Kirana langsung menggeleng lagi, bahkan lebih hebat dari sebelumnya. Matanya mendadak memerah melihat wajah sinis dan masam yang Anggi lemparkan kepadanya terhitung sejak tadi.
"Kamu tau kan kalau aku suka dengan Pak Damar?! Tapi gara-gara kamu ke sini, Mama Tari malah lebih memilih kamu jagain Mas Damar daripada aku!"
"Lhoh aku ndak minta." Kirana berupaya membela diri. "Maaf kalo aku ndak sengaja nyinggung kamu. Tapi aku juga mau pulang, ndak mau ke sini. Aku ke sini cuma mau mengantar Kirana, bukan untuk maksud lain."
"Kalau begitu ya pergi saja dari sini. Kenapa masih berlama-lama di sini juga?!"
Kirana benar-benar menatap Anggi tidak percaya. Apalagi suara adzan ya terdengar pastilah menunjukkan kalau matahari sudah terbenam di luar sana, tapi dirinya diminta pergi. "Iya aku pergi, mau pamit sebentar, nanti mereka khawatir."
Ketika sudah berbalik, sekalian ingin mengambil tasnya juga karena uangnya semoga saja memang cukup digunakan untuk perjalanan pulang.
"Langsung pergi saja. Memangnya kamu siapa sampai mereka akan khawatir?"
Ya Allah, Kirana sampai ingin menangis dalam hati melihat tatapan penuh tidak suka yang Anggi tunjukan kepada dirinya. "Tapi uangku di tas, Nggi."
Tak banyak bicara, Anggi langsung mengeluarkan beberapa lembar seratus ribuan dari dalam dompetnya kepada Kirana. "Itu uang lebih dari cukup untuk membawa kamu kembali ke Depok. Masih sisa lagi."

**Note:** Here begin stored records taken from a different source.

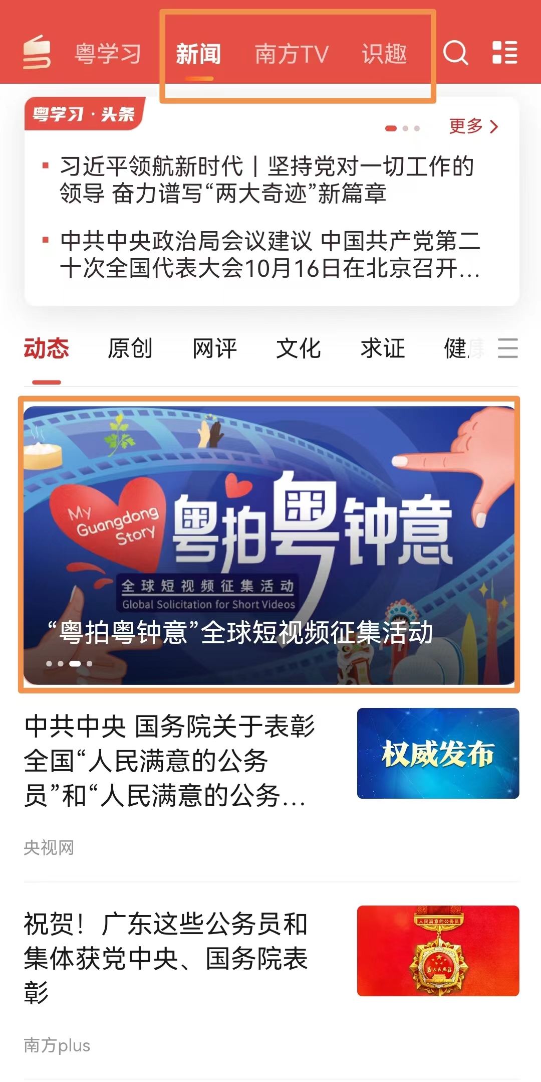 ②菜单栏选择“新闻”“南方TV”“识趣”
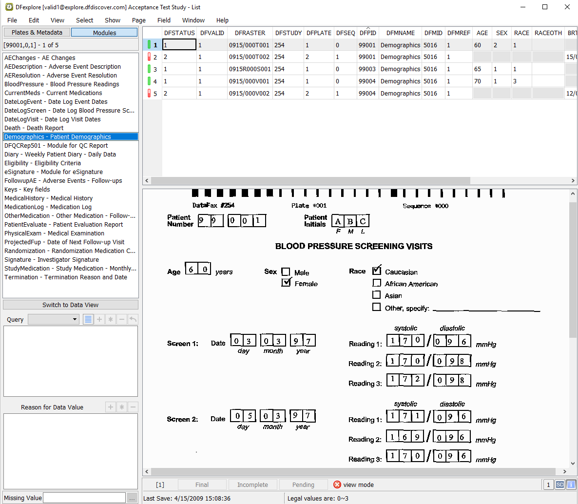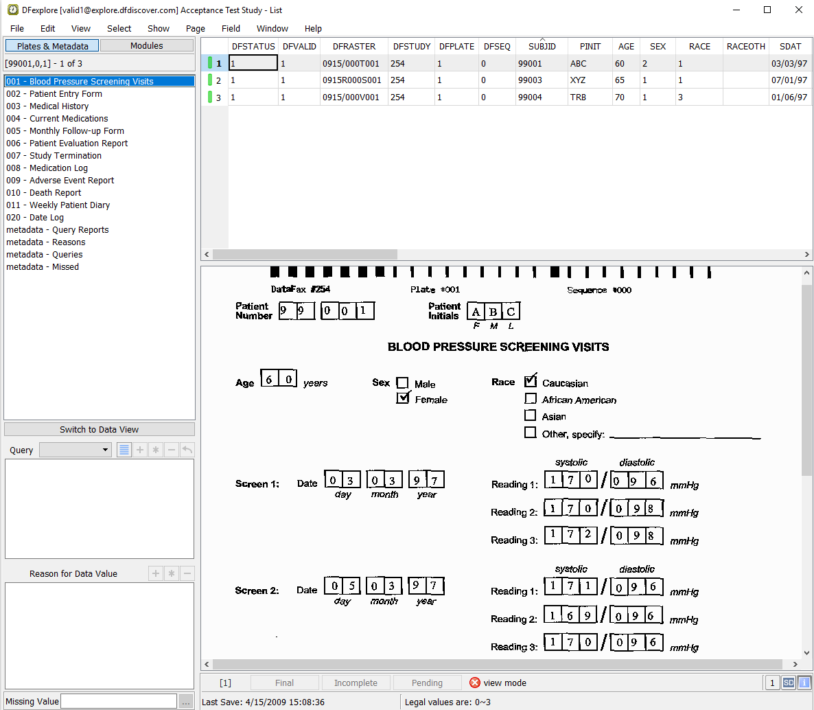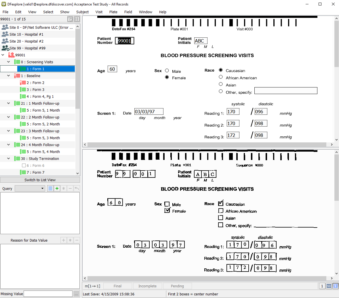 Double-click entry for 99001. This closes 99004 and opens the list of visits for 99001. Select > to open all visits and pages for subject 99001. In the record list panel, locate 1: Form 1 under Screening Visits. Click it to open the page in the main data window.
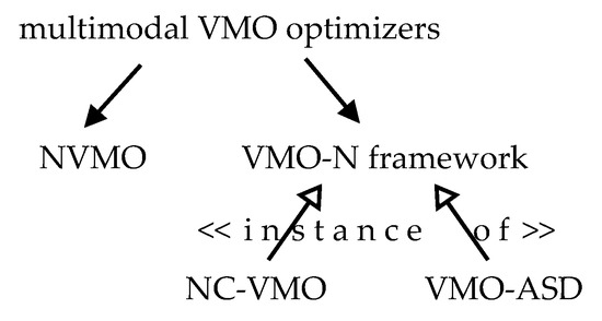 As it was originally proposed for global optimization, a few algorithmic proposals appeared to induce VMO to preserve (along the time) the multiple optima this method can find when solving multimodal problems (see Figure 2). They can be reduced to the following two approaches: the NVMO method and VMO-N, the generic niching framework for this metaheuristic. Those methods are described below in an overall fashion. Besides, considering that they are the two main adaptations of VMO to deal with multimodality, it is important to bring out a few differences between them, completing the first objective of this investigation.
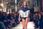 Moving into sportier, surfer territory, the anorak made something of a luxe comeback tucked into high-waisted crochet bikini briefs, teamed with shorts and clashed with vinyl floral joggers. Culminating with super-shine sportswear for night, grommet-punched leather, balloon-sleeved mini dresses and Gigi Hadid‘s all-black, one-shoulder vest teamed with a harness belt cinching-in black riveted joggers, expect to see Marant girls borrowing from the boys too in the season ahead. Shop Isabel Marant on harrods.
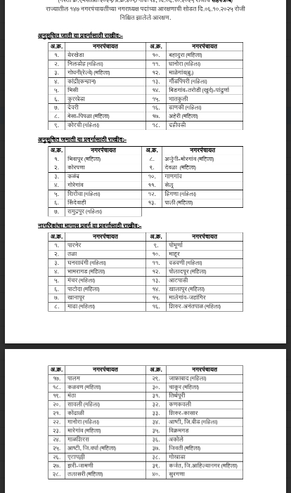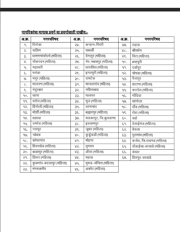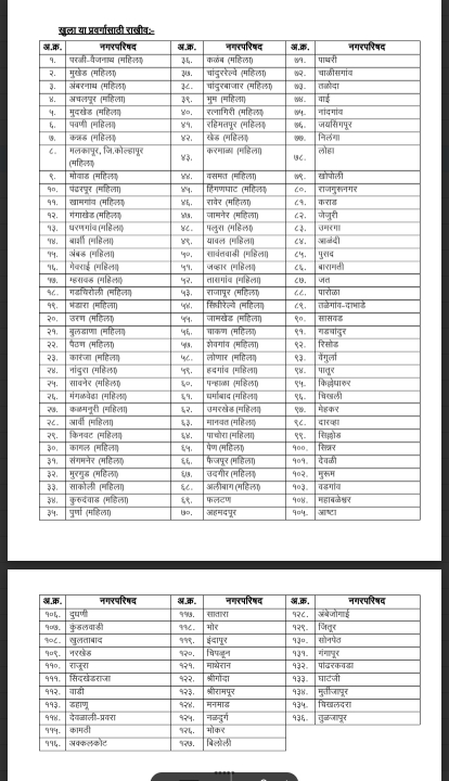 भगूर - ओबीसी महिला, इगतपुरी - ओबीसी महिला, विटा - ओबीसी महिला, बल्हारपूर - ओबीसी महिला, धाराशिव - ओबीसी महिला, भोकरदन - ओबीसी महिला, जुन्नर - ओबीसी महिला, उमरेड - ओबीसी महिला, दौंड - ओबीसी महिला, कुळगाव बदलापूर - ओबीसी महिला, हिंगोली - ओबीसी महिला, फुलगाव - ओबीसी महिला, मुरुड जंजीरा - ओबीसी महिला, शिरूर - ओबीसी महिला, काटोल - ओबीसी महिला, माजलगाव - ओबीसी महिला, मूल - ओबीसी महिला, मालवण - ओबीसी महिला, देसाईगंज - ओबीसी महिला, हिवरखेड - ओबीसी महिला, अकोट - ओबीसी महिला, मोर्शी - ओबीसी महिला, नेर- नवाबपूर - ओबीसी महिला, औसा - ओबीसी महिला, कर्जत - ओबीसी महिला, देगलूर - ओबीसी महिला, चोपडा - ओबीसी महिला, सटाणा- ओबीसी महिला, दोंडाईचा वरवडे - ओबीसी महिला, बाळापूर - ओबीसी महिला, रोहा - ओबीसी महिला, कुरडुवादी - ओबीसी महिला, धामणगावरेल्वे - ओबीसी महिला, वरोरा - ओबीसी महिला,
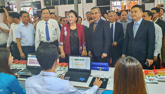 Đồng chí Nguyễn Thị Kim Ngân cùng các đồng chí lãnh đạo Trung ương, địa phương tham quan hội chợ du lịch. |
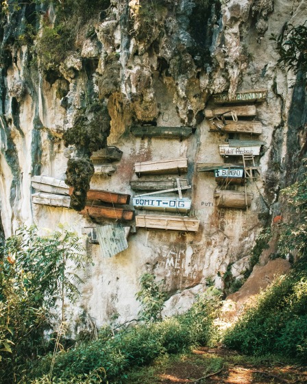崖につるされた棺桶。この風習は山岳民族イゴロットの人々によって2千年以上前から行われていたという。高所に埋葬することで先祖の霊に近付けると信じ、また遺体を首狩り族や野生動物から守るために崖につるしたとされる。
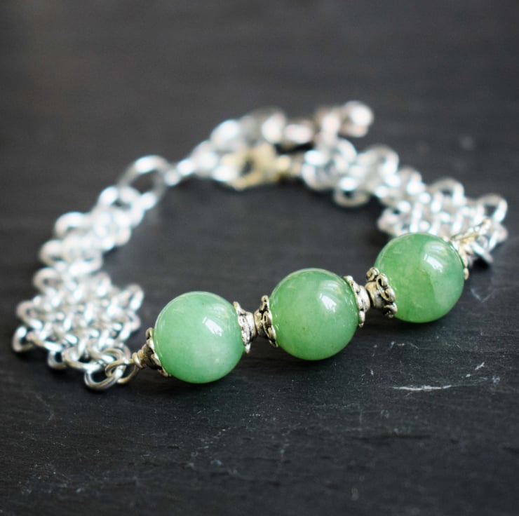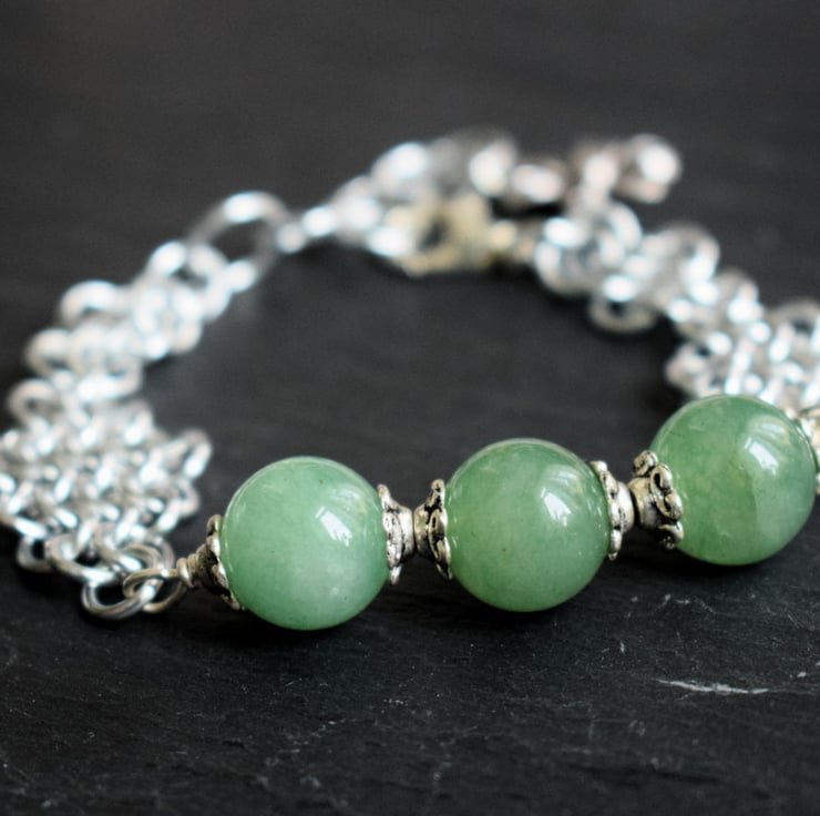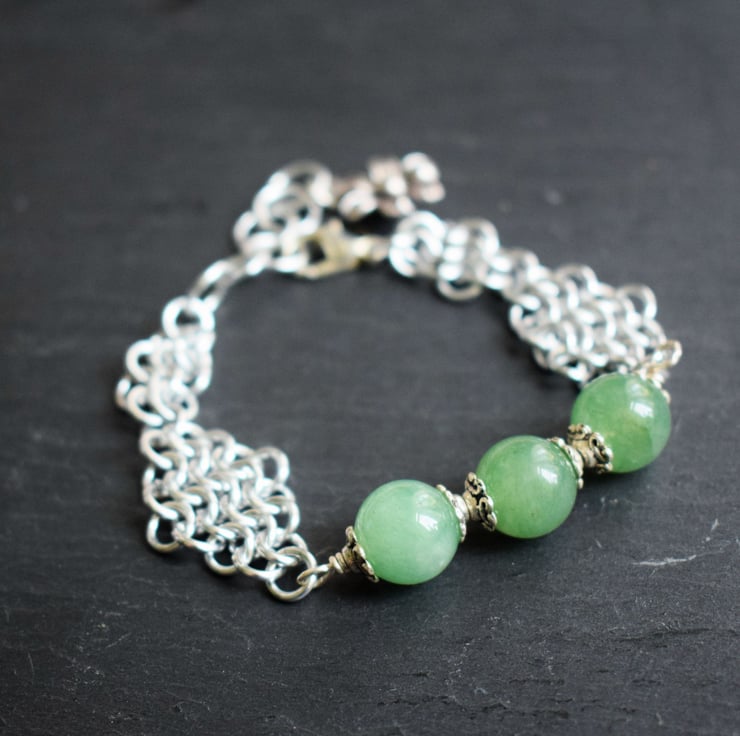There's a beautifully fluid feel to this bracelet, the green aventurine beads sit across the top of your wrist and the rest of the bracelet is made with chainmaille sections made of aluminium rings. I use aluminium because it is lightweight yet strong, it doesn't tarnish and is also hypoallergenic as it contains no nickel.

Kirana benar-benar tidak habis pikir lagi. Begitu ingin protes, Anggi sudah lebih dulu masuk. Alhasil, dengan d**a yang sesak sekali, seperti perintah Anggi tadi yang dilarang untuk masuk, Kirana langsung menuju jalan keluar yang diingatnya. Dia akan pergi seperti yang Anggi inginkan daripada persahabatannya sedari kecil dengan Anggi hancur berantakan.
Namun sebelum pergi, dia memutuskan untuk pergi ke masjid dulu, berdoa memohon keselamatan kepada Tuhannya. Juga memohon kelapangan hati, agar tidak sampai membenci orang yang selama ini sudah sangat baik kepada dirinya dan juga ibunya hanya gara-gara satu kesalahan saja. Kirana paham betul budi pekerti yang selalu diajarkan oleh ibunya.